> **Exercise instructions**: Your copy starts at the line containing "Botas de camurça" and ends at the last line of the material below. Reproduce those lines exactly, with no pictures.

> **Supplied material**:
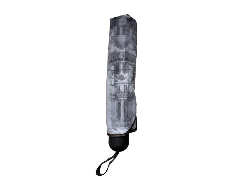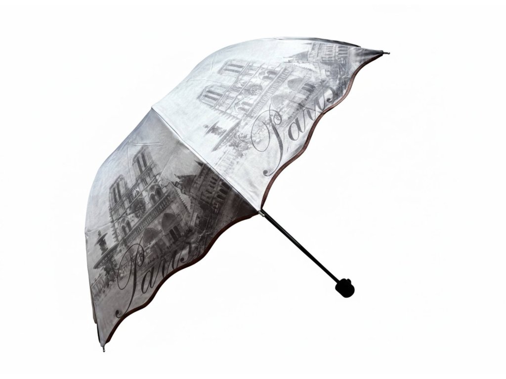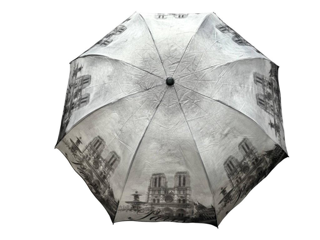 Preneste sa do ulíc sychravého Paríža s eleganciou, ktorá vás ochráni. Tento skladací dáždnik s ikonickým motívom katedrály Notre-Dame nie je len praktickou pomôckou, ale nadčasovým módnym doplnkom v čiernobielom prevedení, ktorý dokonale doplní váš mestský outfit.
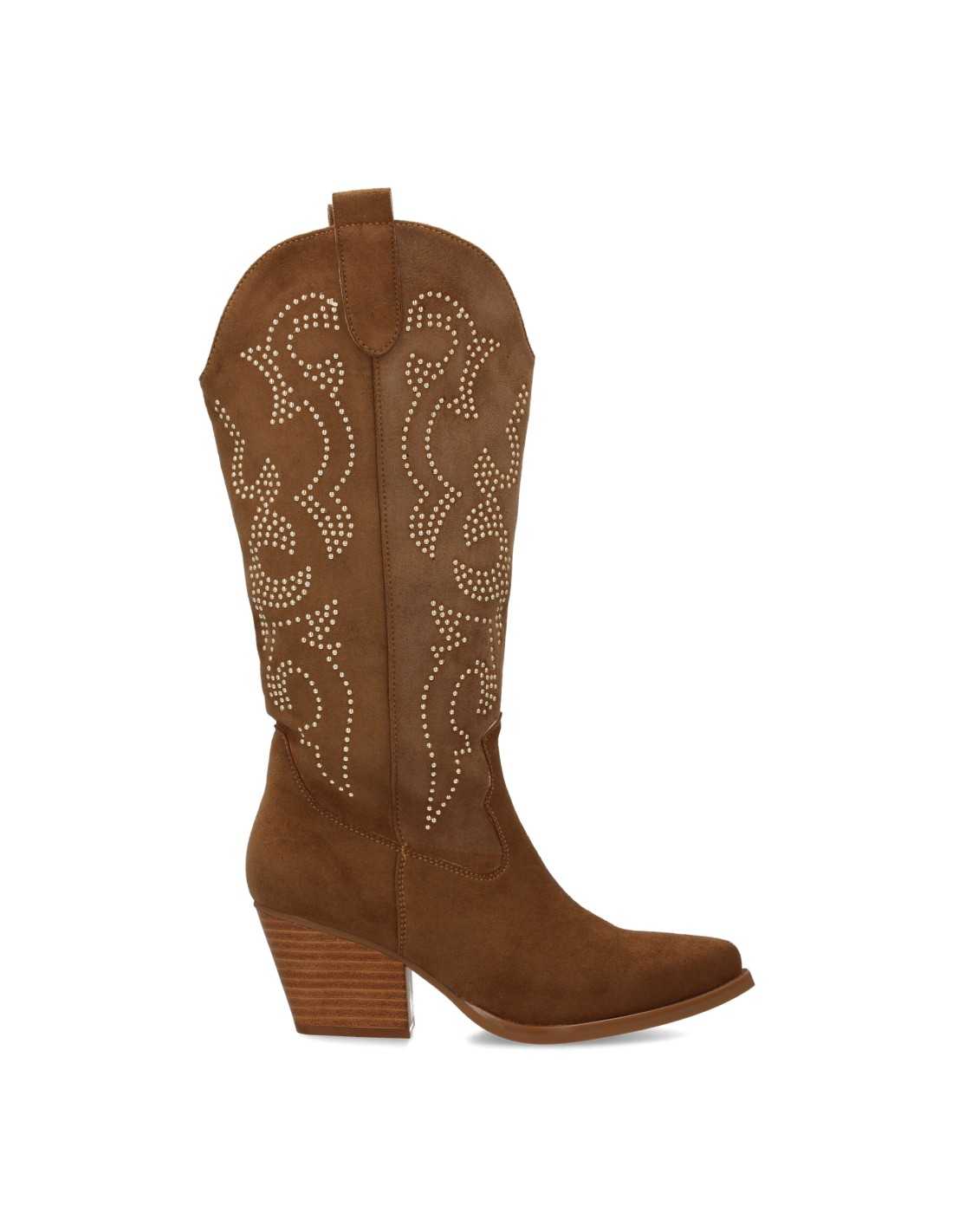 Botas de camurça até o cano médio com tachas e fecho de zíper. Salto cubano.
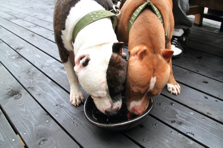 親切に我が犬達に暑かろうと水までくれて!

> **Output of the exercise**:
 Botas de camurça até o cano médio com tachas e fecho de zíper. Salto cubano.
 親切に我が犬達に暑かろうと水までくれて!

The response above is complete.